On 2012-05-13, Christian Grün christian.gruen@gmail.com wrote:
If I want to get whitespaces back, do I have to re-create the collection?
Yes; sorry for that. The database does not contain any information on chopped whitespaces, which is why you'll indeed have to reimport the documents.
Would this result in any change concerning the node-ids? We already have some data depending on node-ids. Is there some other way to get the original whitespaces back?
The node ids will change if the documents include pure whitespace texts. The following example represents such a document; it contains three text nodes ("X", and two text nodes with a single newline character):
<hello> <world>X</world> </hello>
I'll be working with Cerstin on this issue, so here's a brief comment. Thanks for the example, that's what I feared ... I think we're lucky that we're only dealing with node IDs of elements, so we can annotate the elements with ID attributes, associate the node IDs with the XML IDs, and then translate them again to the node IDs of the "unchopped" database. If we were dealing with node IDs of text nodes, we'd hosed ...
How would I display the selected text snippet to the user, when I store the node-id and the text (as mixed content)? ft:mark will not work, I think.

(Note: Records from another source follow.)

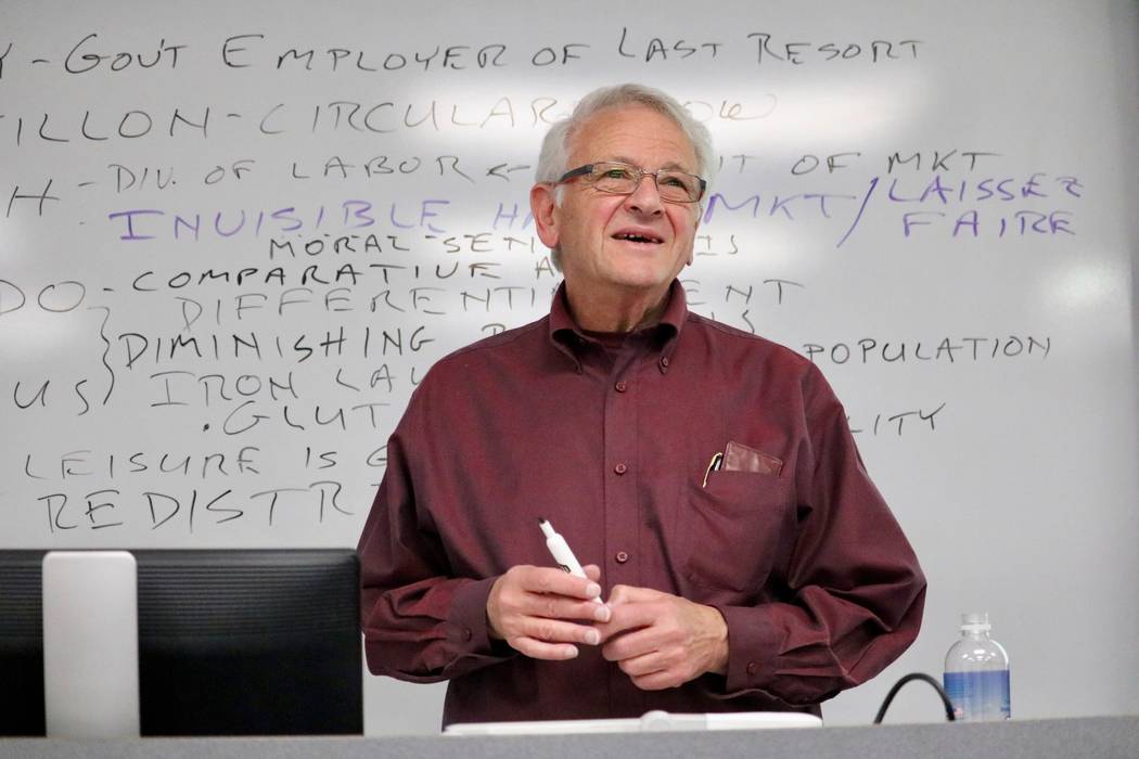 In one of his final classes at UNLV, the history of economic thought, Malamud chronicled the names of famous economists and their most well-known contributions. It’s one of his favorite classes.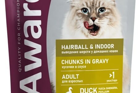 Влажный корм для кошек Award Hairball & Indoor для выведения шерсти кусочки в соусе с уткой 85г доставка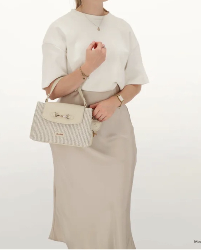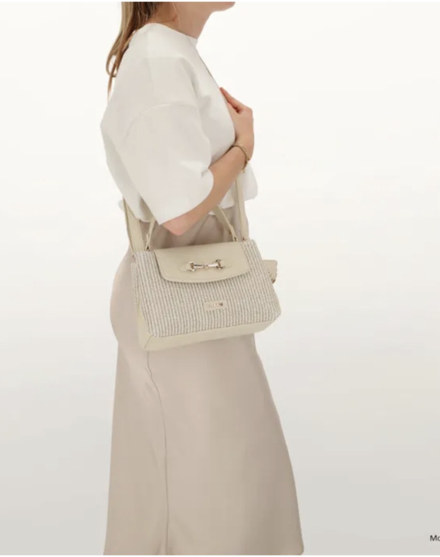 De Charm London Santorini Handtas is een elegante handtas met een zomerse uitstraling en verfijnde details. De tas heeft een stijlvolle overslag klep die zorgt voor een nette en vrouwelijke look. Dankzij het enkele handvat draag je de tas comfortabel in de hand, perfect voor dagelijks gebruik of een speciale gelegenheid.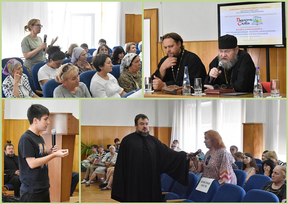 Открывая форум, архиепископ Пятигорский и Черкесский Феофилакт обратился со словами благодарности к руководителю Централизованной библиотечной системы Пятигорска Василию Бандурину и ко всем библиотекарям за гостеприимство и возможность провести на базе Горьковской библиотеки книжную выставку-форум «Радость слова» и фотовыставку, посвящённую 100-летию со дня блаженной кончины Патриарха Тихона. В ответном приветственном слове директор Централизованной библиотечной системы Пятигорска Василий Бандурин поблагодарил владыку за сотрудничество и рассказал о том, что библиотека более 10 лет дружит с Пятигорской епархией и что стало традицией проводить такие совместные мероприятия, связывающие темы Веры, духовности и чтения. На встрече была представлена новая книга Святейшего Патриарха Кирилла «Вслед за святителем Тихоном. Подвиг новомучеников и исповедников Церкви Русской», а также другие издания, выпущенные издательством Московской Патриархии.
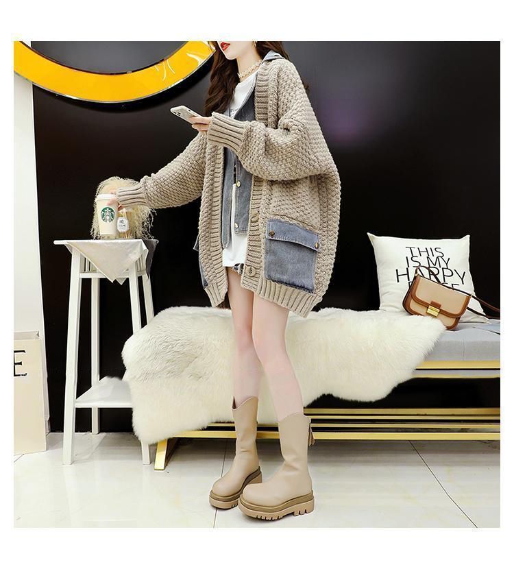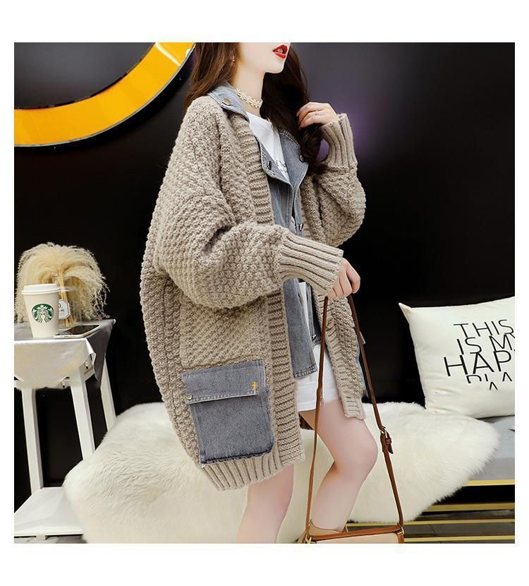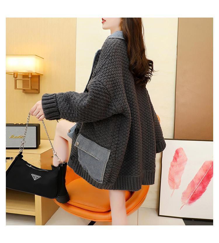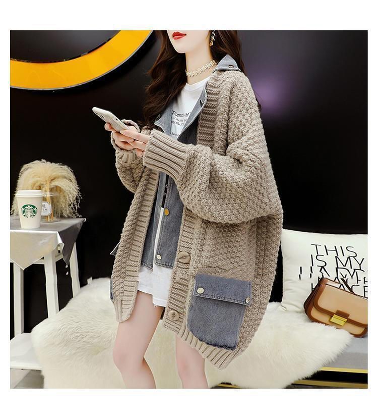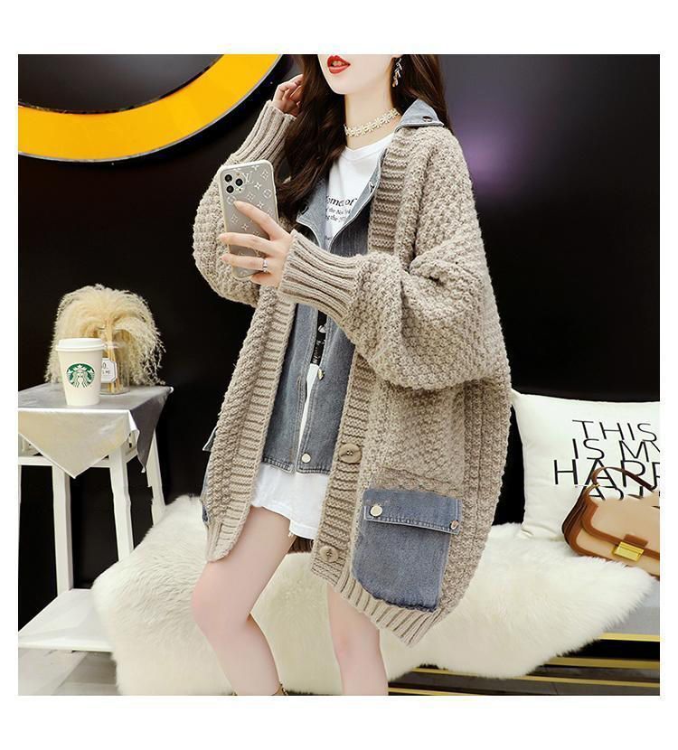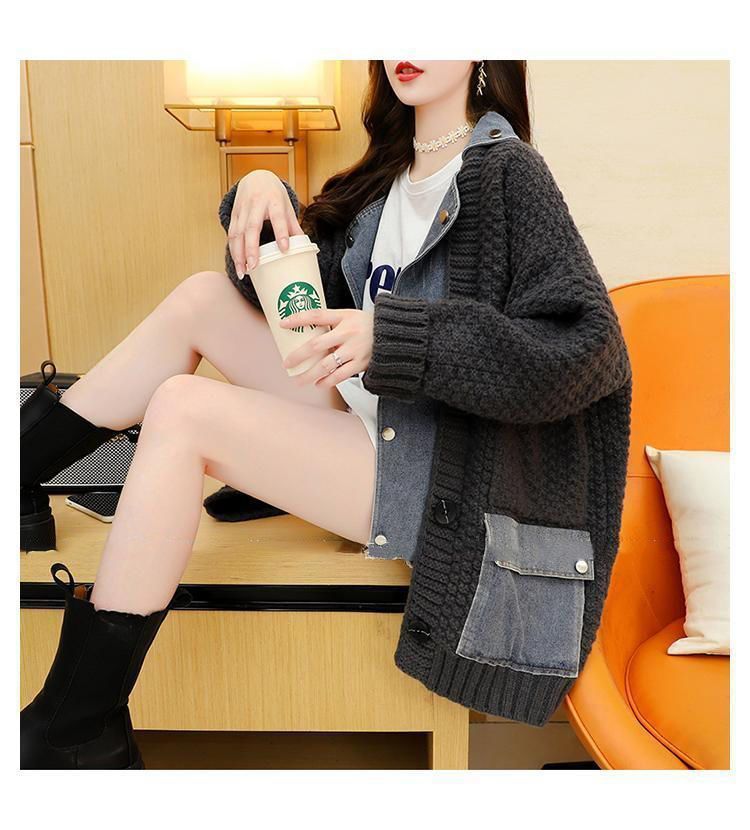 Casual Fake Two-Piece Design Loose Knit Sweater Cardigan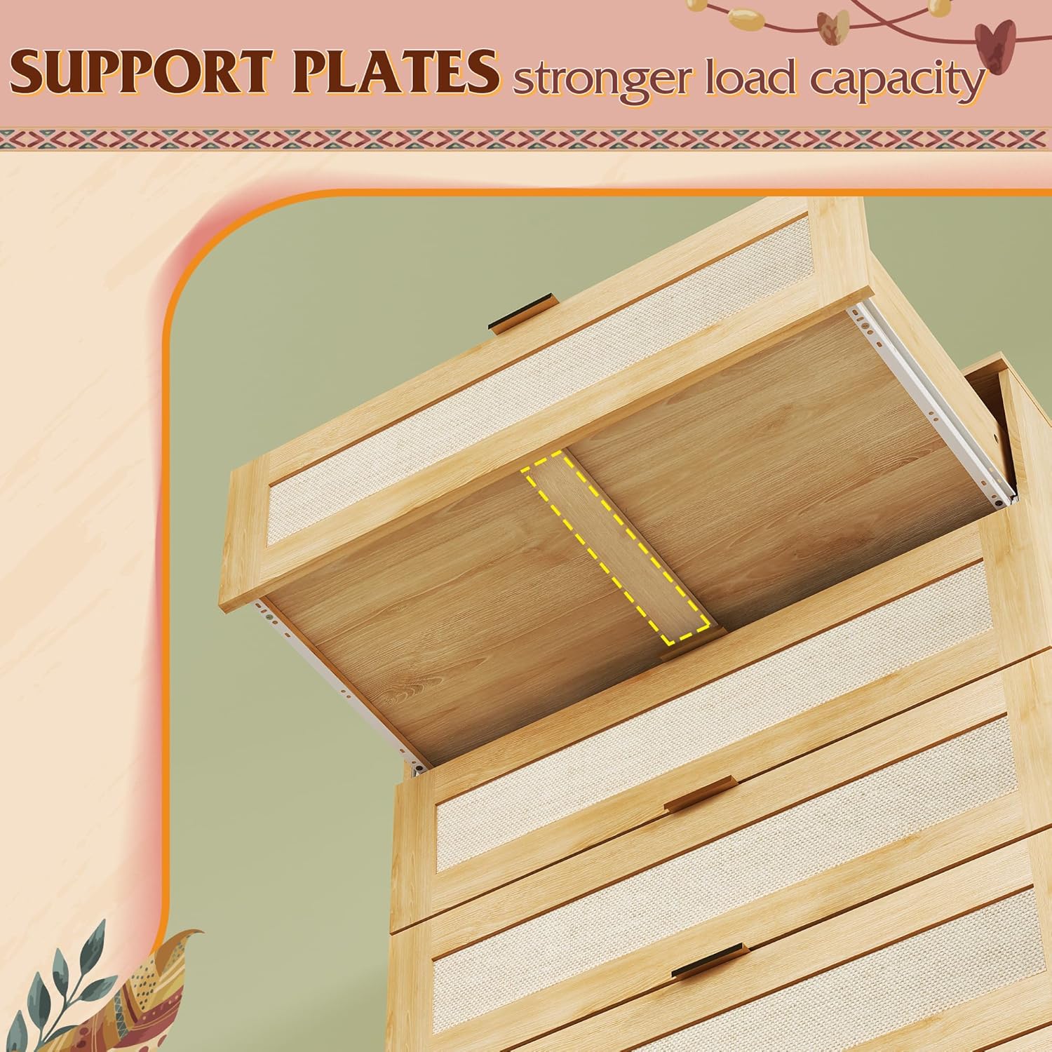 - đăBoho 5 Drawers DresserăThis wooden dresser is made of light wood with wood texture and warm color. The surface of each drawer is decorated with a rattan texture, and the metal handle is smooth and durable. The boho dresser can be used for bedroom clothing organizer, entryway table, decorative storage for living room.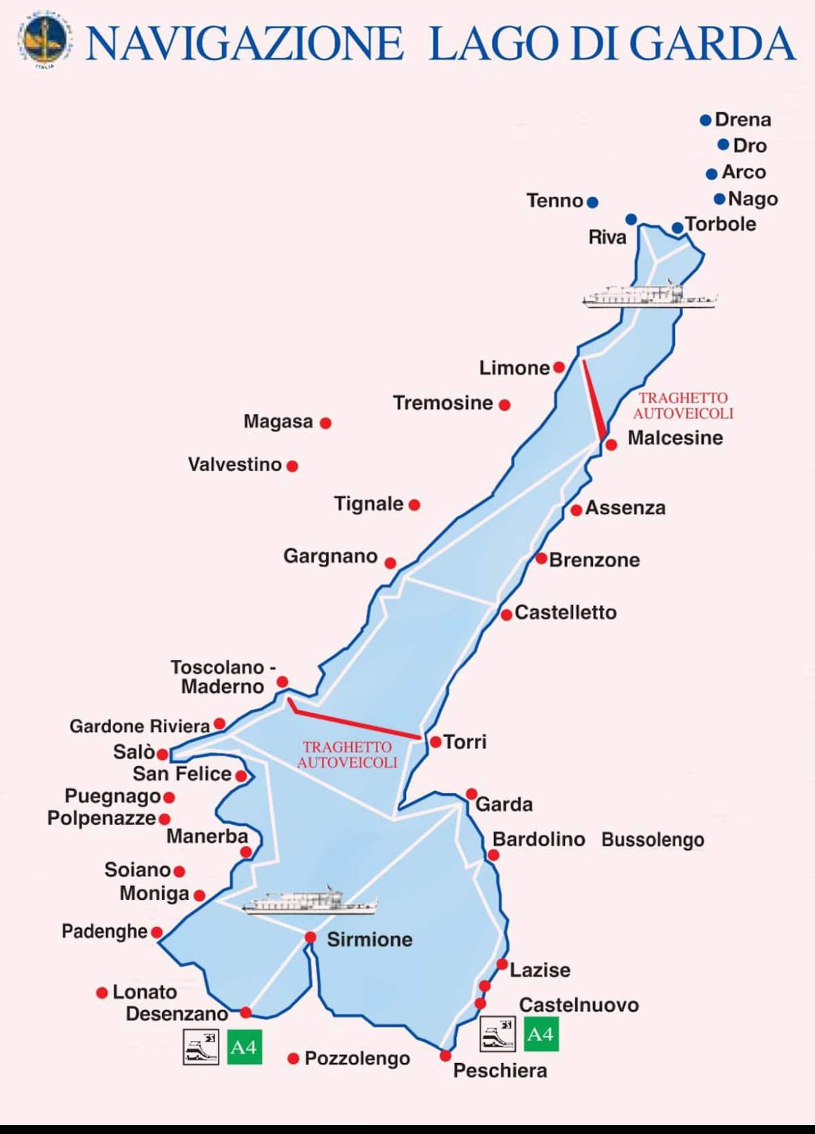Es sind nach Garda ca. 5 Kilometer und ca 9 Kilometer nach Bardolino. Das nördlich gelegene Malcesine ist ca. 20 Autominuten entfernt.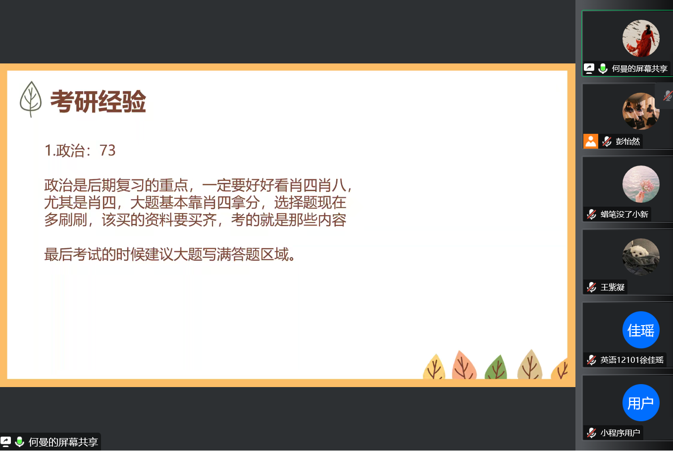 本次分享会同学都收获颇丰,学习到了很多经验,对考研冲刺有了更加清晰的认识,大大提升了学习和考研的信心和动力,让同学们对考研充满斗志。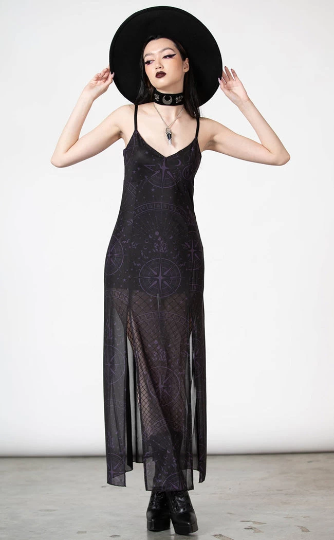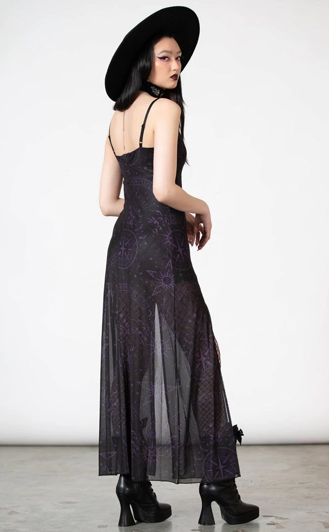 Bring me to life! The Evenescent Mesh Maxi Dress was conjured from soft, lightly stretchy black mesh printed with a custom celestial print to have ya feeling like a lunar goddess. Featuring adjustable shoulder straps, a double slit skirt and an opaque slip, this dress is effortlessly glamorous and can be dressed up or down with ease.
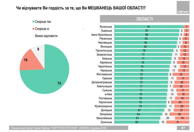 91% волинян гордяться тим, що вони народилися і проживають на Волині, а 92% – тим, що живуть у своєму місті чи селищі.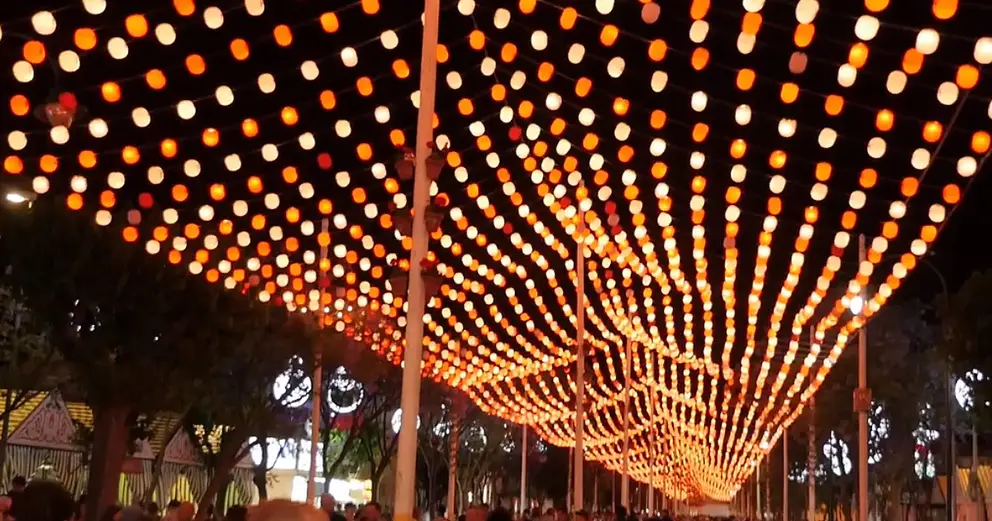 El recinto ferial estará iluminado con 24.200 farolillos en colores rojo y blanco en el paseo central de la Calzada y la avenida de la Estación. Los pasillos laterales contarán con exornos y habrá cinco pórticos de luces en la avenida de Las Piletas, de Bajo de Guía, la Estación y Calzada, además de la propia portada.

I'm not quite sure what you refer to here; could you attach a small example? Christian
I *think* what she means is: Since
ft:mark(//p[. contains text 'real'])
will not highlight anything if . contains mixed content with multiple text nodes, what is the best approach to highlight the results of a search, given a query and a matching node?
PS@Michael and Gerrit: thanks for your opinion. One of the reasons for the chopping whitespaces by default is that whitespace texts in structured documents consume a lot of space in a database, although they will never need to be processed.
Yes, I figured that it was intended for data-oriented documents.
However, I see that this solution may cause more confusion than be helpful, which is why we'll think about switching the default behavior.
This would be very welcome! Your example above also nicely illustrates the problem. As the significance of whitespace in XML can only be determined when there's a schema, chopping whitespace by default means that, strictly speaking, documents are altered semantically on import unless you take special precautions--it should definitely be the other way round.
Best regards